Created attachment 297261 [details] First go at a patch This patch is untested in a real gfs2 file system, but I have tested it in userspace using a test program. I've studied this problem for some time now and here's what I've found: I ported the code to user-space so I could debug it better and do timing tests easier using gdb and such. So I have one test program that tests all of the algorithms at once. The performance of gfs2_bitfit of course varies greatly depending on how fragmented with metadata vs. data the gfs2 file system is. It's not right to optimize for either nearly-full or nearly-empty bitmaps, so I took a good look at Barry's specsfs test system and saw just how fragmented those bitmaps typically are at any given moment. I'm taking that as a good indication that customers' file systems will be similarly fragmented as well. Before looking at this fragmentation, I made bad assumptions and got bad numbers for doing it. I tested six algorithms under conditions similar to Barry's. They are: 1. The algorithm we're using today. 2. The algorithm we were using prior to my 25 Jan 2008 optimization. 3. Optimized version of #1 4. More optimized variation of #3 5. New word alignment algorithm 6. Method that tries to use memcmp of large chunks for shortcuts Algorithm 6 performed so horribly that I threw it out altogether and never looked back. I was just curious. Algorithm 3 outperformed all the others on a bitmap that contains most used blocks and rare metadata/data fragmentation. Algorithm 4 performed better than 3 with metadata fragmentation. Algorithm 5 outperformed all the others when there was periodic metadata allocations typical of the specsfs file systems. My test program searches a 50MB bitmap for a "free" block that doesn't appear until 100 bytes (400 blocks) from the end, and starting with a "goal" block that's 25 percent into the bitmap. This is a typical run on my x86_64 box. The numbers are in microseconds: 1. 679633 2. 972714 3. 685488 4. 242310 5. 169487 So for this performance run, algorithm 5 performed 4 times faster than the one we're using today. On my 32-bit test box I tested 20MB bitmaps and got similar ratios: 1. 1997501 2. 1351896 3. 1603124 4. 773022 5. 477915 Again, algorithm 5 performed almost 4 times faster than 1. It's interesting to note that the algorithm we're using today actually performed worse than before the rewrite, on my 32-bit system under some types of metadata/data fragmentation.
I did a few quick tests on my roth cluster using the upstream kernel and this faster bitfit. It seems to work okay. I just did some basic copies, looked at the bitmaps, then did gfs2_fsck, which saw no problems. I also ran one of my "hell" tests on it and it passed.
This version passed all my "hell" tests with flying colors so I posted it to cluster-devel for inclusion in the nmw git tree kernel.

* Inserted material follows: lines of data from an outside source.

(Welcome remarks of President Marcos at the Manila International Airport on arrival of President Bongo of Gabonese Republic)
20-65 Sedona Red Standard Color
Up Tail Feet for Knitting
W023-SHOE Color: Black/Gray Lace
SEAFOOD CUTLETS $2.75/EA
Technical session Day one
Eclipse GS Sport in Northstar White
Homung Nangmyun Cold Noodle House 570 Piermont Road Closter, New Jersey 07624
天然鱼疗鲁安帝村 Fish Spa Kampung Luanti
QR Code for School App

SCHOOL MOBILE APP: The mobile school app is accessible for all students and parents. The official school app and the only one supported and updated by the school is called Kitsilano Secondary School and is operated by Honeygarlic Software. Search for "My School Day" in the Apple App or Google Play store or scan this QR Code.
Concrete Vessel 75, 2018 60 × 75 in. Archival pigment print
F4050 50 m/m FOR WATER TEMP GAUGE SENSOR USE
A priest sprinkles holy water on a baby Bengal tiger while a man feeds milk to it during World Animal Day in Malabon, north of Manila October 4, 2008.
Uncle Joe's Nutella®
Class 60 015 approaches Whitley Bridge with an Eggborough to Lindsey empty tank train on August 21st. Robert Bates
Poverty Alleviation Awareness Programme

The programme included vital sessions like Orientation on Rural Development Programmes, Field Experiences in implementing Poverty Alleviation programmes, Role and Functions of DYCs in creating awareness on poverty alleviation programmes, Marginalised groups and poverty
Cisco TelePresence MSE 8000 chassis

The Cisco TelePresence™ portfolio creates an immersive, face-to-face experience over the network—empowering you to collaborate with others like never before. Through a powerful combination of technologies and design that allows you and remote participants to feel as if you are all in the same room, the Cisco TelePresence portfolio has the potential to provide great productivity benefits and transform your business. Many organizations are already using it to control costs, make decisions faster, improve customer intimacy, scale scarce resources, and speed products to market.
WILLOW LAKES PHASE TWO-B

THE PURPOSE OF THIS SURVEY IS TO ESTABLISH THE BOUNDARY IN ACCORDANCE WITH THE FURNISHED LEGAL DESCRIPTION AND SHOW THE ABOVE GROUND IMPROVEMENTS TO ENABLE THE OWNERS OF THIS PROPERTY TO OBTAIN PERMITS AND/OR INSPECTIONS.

Created attachment 297459 [details] Second attempt at a patch This version is much faster thanks to Steve Whitehouse's suggestions. This version is typically 6 times faster than today's algorithm on my x86_64 test box, depending on the metadata / data fragmentation. In cases of extreme fragmentation, this algorithm is up to 22 times faster. Here are performance numbers from a few consecutive runs of my test program: [root@roth-01 /home/bob]# ./bmapspeed trandfactor = 91 tdiff[0] = 972208 - 1.000000 times today's algorithm tdiff[1] = 1133521 - 0.857689 times today's algorithm tdiff[2] = 854765 - 1.137398 times today's algorithm tdiff[3] = 354196 - 2.744831 times today's algorithm tdiff[4] = 194574 - 4.996598 times today's algorithm tdiff[5] = 139421 - 6.973182 times today's algorithm [root@roth-01 /home/bob]# ./bmapspeed trandfactor = 116 tdiff[0] = 823955 - 1.000000 times today's algorithm tdiff[1] = 1133362 - 0.727001 times today's algorithm tdiff[2] = 709204 - 1.161803 times today's algorithm tdiff[3] = 324066 - 2.542553 times today's algorithm tdiff[4] = 199325 - 4.133726 times today's algorithm tdiff[5] = 136314 - 6.044537 times today's algorithm [root@roth-01 /home/bob]# ./bmapspeed trandfactor = 85 tdiff[0] = 1002704 - 1.000000 times today's algorithm tdiff[1] = 1130705 - 0.886795 times today's algorithm tdiff[2] = 884881 - 1.133151 times today's algorithm tdiff[3] = 366433 - 2.736391 times today's algorithm tdiff[4] = 199193 - 5.033832 times today's algorithm tdiff[5] = 138418 - 7.244029 times today's algorithm [root@roth-01 /home/bob]# ./bmapspeed trandfactor = 28 tdiff[0] = 2295333 - 1.000000 times today's algorithm tdiff[1] = 1129925 - 2.031403 times today's algorithm tdiff[2] = 2203636 - 1.041612 times today's algorithm tdiff[3] = 441685 - 5.196764 times today's algorithm tdiff[4] = 198743 - 11.549253 times today's algorithm tdiff[5] = 138429 - 16.581301 times today's algorithm [root@roth-01 /home/bob]# ./bmapspeed trandfactor = 49 tdiff[0] = 1429324 - 1.000000 times today's algorithm tdiff[1] = 1131068 - 1.263694 times today's algorithm tdiff[2] = 1309161 - 1.091786 times today's algorithm tdiff[3] = 287547 - 4.970749 times today's algorithm tdiff[4] = 191206 - 7.475309 times today's algorithm tdiff[5] = 138709 - 10.304480 times today's algorithm
Created attachment 297460 [details] Test Program I'm using This is the test program I'm using to gather performance numbers and test algorithms.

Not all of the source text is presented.